• WHAT THE EXERCISE ASKS
Each record below must be reproduced exactly as it reads, with its images omitted.

• Excerpts from a dataset
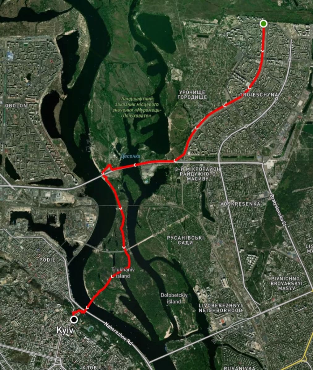 Велосипедна траса красива і безпечна, оскільки оформлена в окрему смугу. Маршрут пролягає по проспекту Романа Шухевича, Північному мосту, вулиці Труханівській, Парковому мосту, схилах Хрещатого парку, Володимирському спуску та Європейській площі.
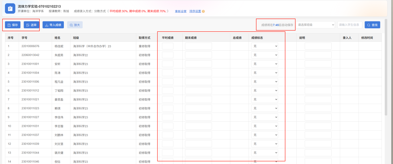 2、自动保存机制。录入成绩界面的右上角会有一个自动保存成绩的倒计时,到时间会自动保存一次成绩。
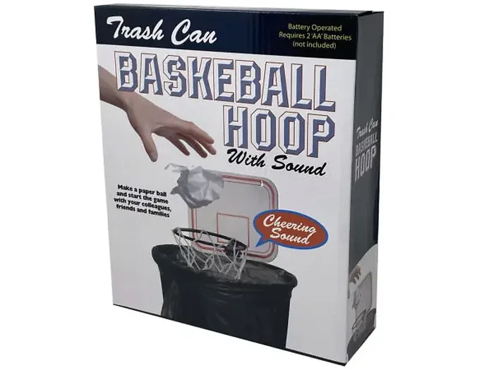 Transform your workspace into a basketball arena with the Mini Trash Can Basketball Hoop with Sounds! This fun and engaging game lets you practice your shot while working from home or at the office. Simply clip the hoop onto any standard trash can and get ready to score! Assemble the backboard, hoop, and base easily with a screwdriver, and you'll be shooting paper balls into the net in no time.
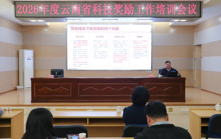 近日,云南省科技厅组织召开2026年度全省科技奖励工作培训会,深入贯彻落实国家和省科技奖励制度改革精神,对2025年科技奖励工作进行总结,对2026年奖励提名工作进行动员安排和业务培训。全省16个州(市)科技管理部门、省级提名单位、有关高校、科研院所、企业、医院等单位同志及有报奖意向的科技人员约1000人,通过线上和线下方式参加了会议。
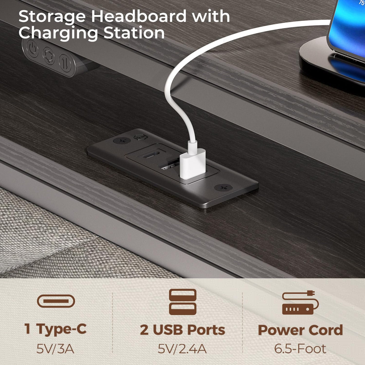 - Convenient Charging Station Bed: The headboard includes a built-in power panel with 2USB ports and 1 Type-C port, allowing you to conveniently charge your tablet, phone, or other mobile devices
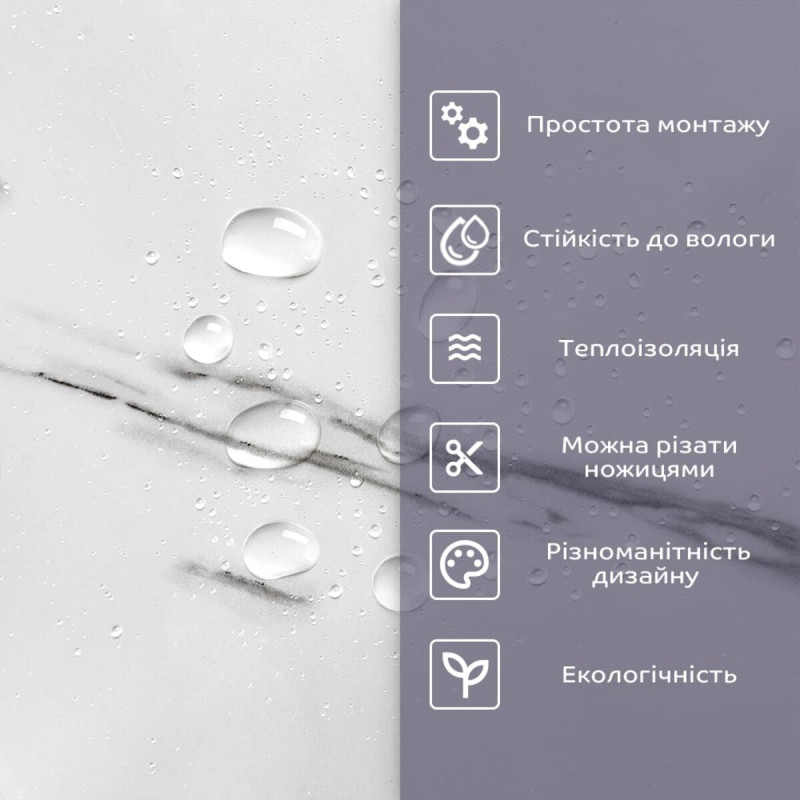 - 2. Стійкість до вологи: матеріал стійкий до впливу вологи та пари, а також до появи плісняви, що робить його придатним для використання у приміщеннях з високою вологістю, таких як ванни та кухні. Плитка підходить для створення фартуха кухні, можна клеїти біля плити на відстані не менше ніж 20-25 см;

• SOLUTION TO THE EXERCISE
 Велосипедна траса красива і безпечна, оскільки оформлена в окрему смугу. Маршрут пролягає по проспекту Романа Шухевича, Північному мосту, вулиці Труханівській, Парковому мосту, схилах Хрещатого парку, Володимирському спуску та Європейській площі.
 2、自动保存机制。录入成绩界面的右上角会有一个自动保存成绩的倒计时,到时间会自动保存一次成绩。
 Transform your workspace into a basketball arena with the Mini Trash Can Basketball Hoop with Sounds! This fun and engaging game lets you practice your shot while working from home or at the office. Simply clip the hoop onto any standard trash can and get ready to score! Assemble the backboard, hoop, and base easily with a screwdriver, and you'll be shooting paper balls into the net in no time.
 近日,云南省科技厅组织召开2026年度全省科技奖励工作培训会,深入贯彻落实国家和省科技奖励制度改革精神,对2025年科技奖励工作进行总结,对2026年奖励提名工作进行动员安排和业务培训。全省16个州(市)科技管理部门、省级提名单位、有关高校、科研院所、企业、医院等单位同志及有报奖意向的科技人员约1000人,通过线上和线下方式参加了会议。
 - Convenient Charging Station Bed: The headboard includes a built-in power panel with 2USB ports and 1 Type-C port, allowing you to conveniently charge your tablet, phone, or other mobile devices
 - 2. Стійкість до вологи: матеріал стійкий до впливу вологи та пари, а також до появи плісняви, що робить його придатним для використання у приміщеннях з високою вологістю, таких як ванни та кухні. Плитка підходить для створення фартуха кухні, можна клеїти біля плити на відстані не менше ніж 20-25 см;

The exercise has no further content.